Stored records:

=== Begin Enclosure ===

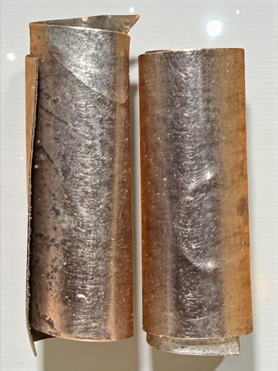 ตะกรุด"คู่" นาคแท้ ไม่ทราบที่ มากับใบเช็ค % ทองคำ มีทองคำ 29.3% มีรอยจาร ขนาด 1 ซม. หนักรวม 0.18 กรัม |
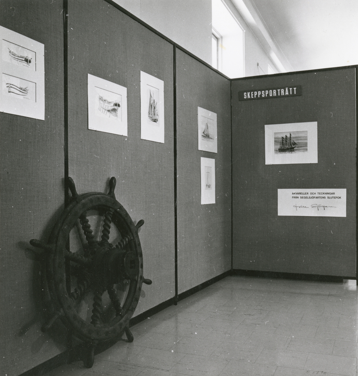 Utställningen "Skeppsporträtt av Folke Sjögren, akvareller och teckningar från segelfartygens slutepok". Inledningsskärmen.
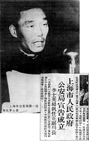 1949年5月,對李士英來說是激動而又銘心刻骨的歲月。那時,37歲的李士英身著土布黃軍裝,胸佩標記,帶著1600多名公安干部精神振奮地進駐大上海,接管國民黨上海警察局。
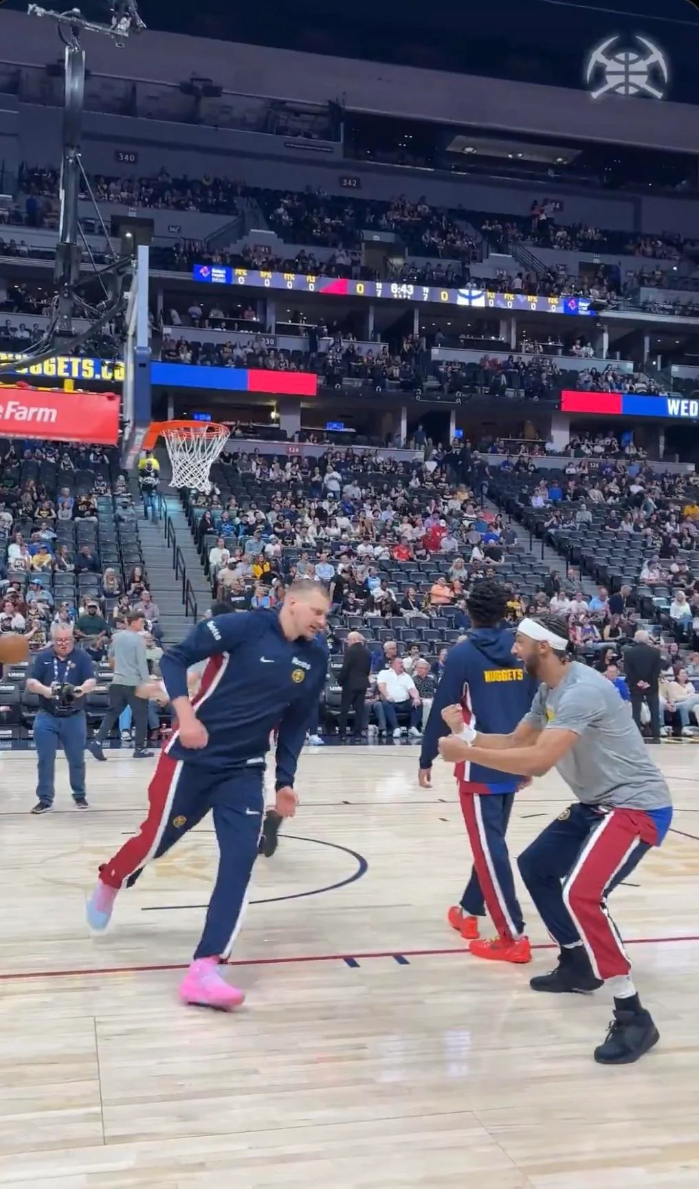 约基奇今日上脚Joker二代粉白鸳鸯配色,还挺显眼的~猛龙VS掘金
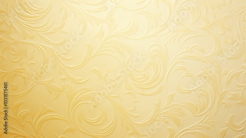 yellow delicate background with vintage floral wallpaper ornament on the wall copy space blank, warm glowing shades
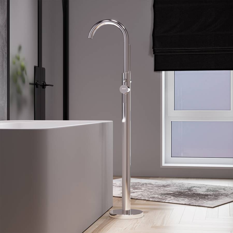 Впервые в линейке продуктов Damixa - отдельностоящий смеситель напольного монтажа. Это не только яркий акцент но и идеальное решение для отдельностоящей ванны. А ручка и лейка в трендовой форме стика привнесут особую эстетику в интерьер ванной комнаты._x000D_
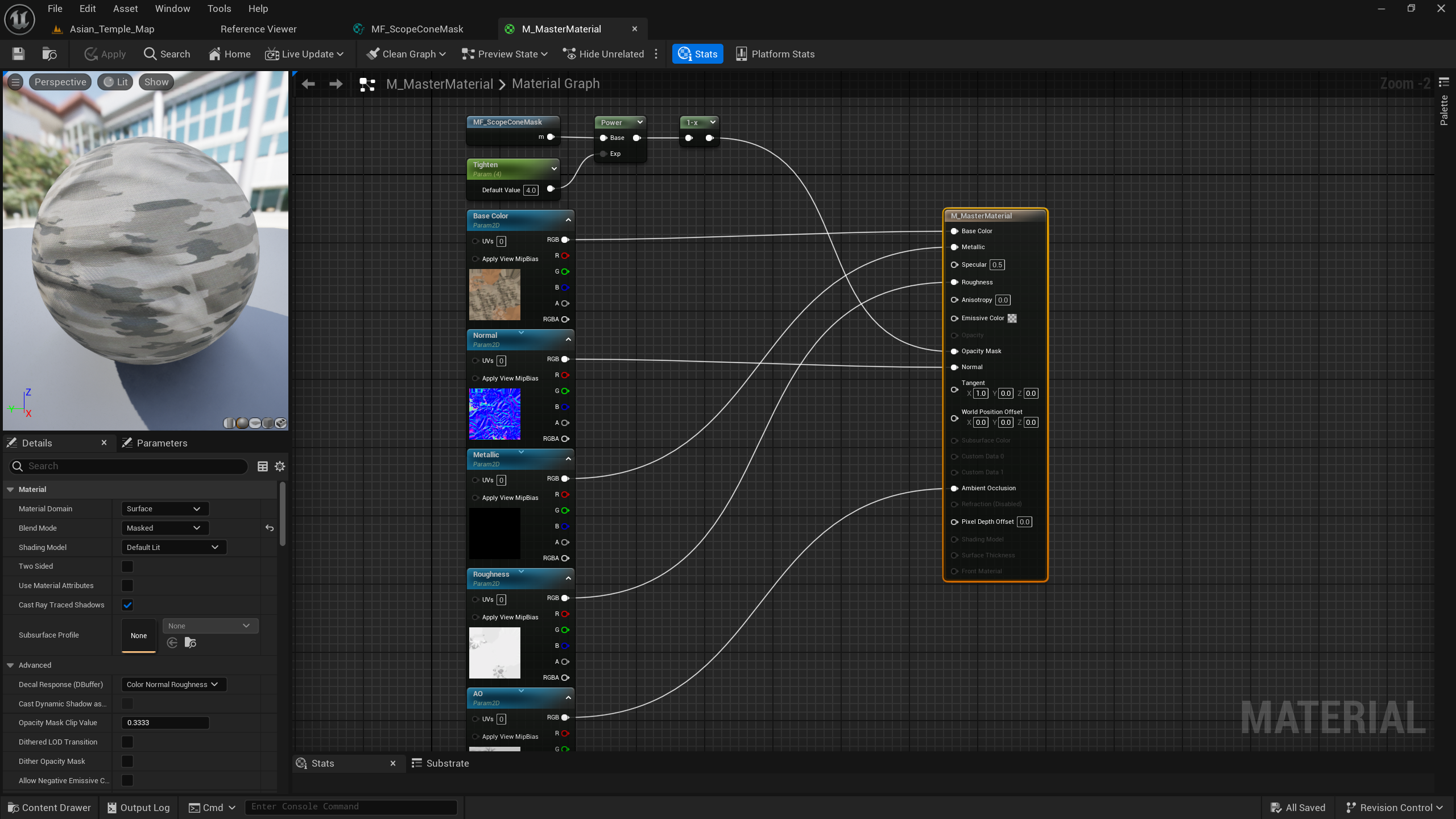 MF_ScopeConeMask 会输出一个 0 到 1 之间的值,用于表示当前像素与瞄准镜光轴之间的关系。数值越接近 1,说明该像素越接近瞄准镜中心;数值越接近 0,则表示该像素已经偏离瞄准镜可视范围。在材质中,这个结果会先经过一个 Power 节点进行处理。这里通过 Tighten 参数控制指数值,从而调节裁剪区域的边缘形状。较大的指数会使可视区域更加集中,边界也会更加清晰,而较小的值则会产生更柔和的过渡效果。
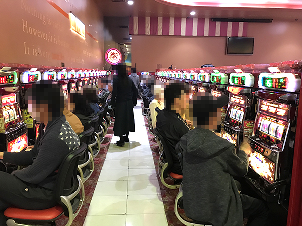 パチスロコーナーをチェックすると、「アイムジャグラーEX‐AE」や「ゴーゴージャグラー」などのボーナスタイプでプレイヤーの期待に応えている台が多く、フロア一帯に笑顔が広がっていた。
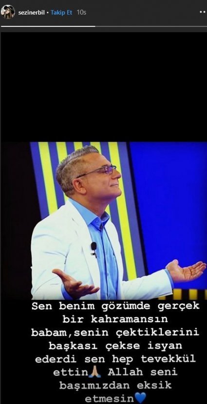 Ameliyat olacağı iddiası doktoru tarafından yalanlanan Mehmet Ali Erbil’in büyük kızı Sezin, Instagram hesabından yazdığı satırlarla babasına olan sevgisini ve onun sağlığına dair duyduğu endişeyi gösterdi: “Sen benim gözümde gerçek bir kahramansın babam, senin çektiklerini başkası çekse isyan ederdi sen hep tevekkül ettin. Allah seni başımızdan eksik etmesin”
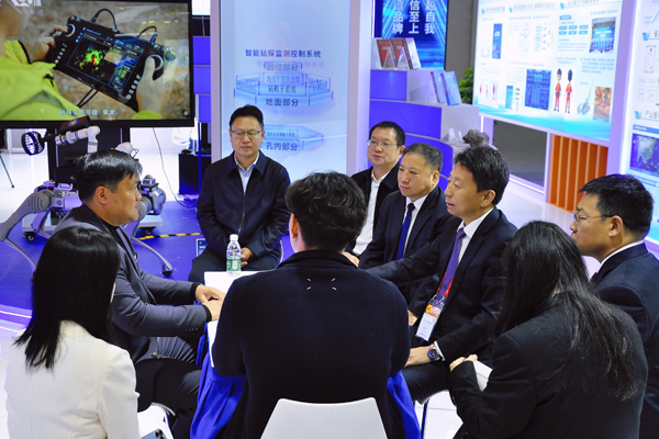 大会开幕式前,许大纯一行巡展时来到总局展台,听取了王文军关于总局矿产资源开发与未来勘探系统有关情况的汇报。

=== End Enclosure ===

* **Requirement**
Copy the data word for word, no pictures.

* **Result of the task**
 ตะกรุด"คู่" นาคแท้ ไม่ทราบที่ มากับใบเช็ค % ทองคำ มีทองคำ 29.3% มีรอยจาร ขนาด 1 ซม. หนักรวม 0.18 กรัม |
 Utställningen "Skeppsporträtt av Folke Sjögren, akvareller och teckningar från segelfartygens slutepok". Inledningsskärmen.
 1949年5月,對李士英來說是激動而又銘心刻骨的歲月。那時,37歲的李士英身著土布黃軍裝,胸佩標記,帶著1600多名公安干部精神振奮地進駐大上海,接管國民黨上海警察局。
 约基奇今日上脚Joker二代粉白鸳鸯配色,还挺显眼的~猛龙VS掘金
 yellow delicate background with vintage floral wallpaper ornament on the wall copy space blank, warm glowing shades
 Впервые в линейке продуктов Damixa - отдельностоящий смеситель напольного монтажа. Это не только яркий акцент но и идеальное решение для отдельностоящей ванны. А ручка и лейка в трендовой форме стика привнесут особую эстетику в интерьер ванной комнаты._x000D_
 MF_ScopeConeMask 会输出一个 0 到 1 之间的值,用于表示当前像素与瞄准镜光轴之间的关系。数值越接近 1,说明该像素越接近瞄准镜中心;数值越接近 0,则表示该像素已经偏离瞄准镜可视范围。在材质中,这个结果会先经过一个 Power 节点进行处理。这里通过 Tighten 参数控制指数值,从而调节裁剪区域的边缘形状。较大的指数会使可视区域更加集中,边界也会更加清晰,而较小的值则会产生更柔和的过渡效果。
 パチスロコーナーをチェックすると、「アイムジャグラーEX‐AE」や「ゴーゴージャグラー」などのボーナスタイプでプレイヤーの期待に応えている台が多く、フロア一帯に笑顔が広がっていた。
 Ameliyat olacağı iddiası doktoru tarafından yalanlanan Mehmet Ali Erbil’in büyük kızı Sezin, Instagram hesabından yazdığı satırlarla babasına olan sevgisini ve onun sağlığına dair duyduğu endişeyi gösterdi: “Sen benim gözümde gerçek bir kahramansın babam, senin çektiklerini başkası çekse isyan ederdi sen hep tevekkül ettin. Allah seni başımızdan eksik etmesin”
 大会开幕式前,许大纯一行巡展时来到总局展台,听取了王文军关于总局矿产资源开发与未来勘探系统有关情况的汇报。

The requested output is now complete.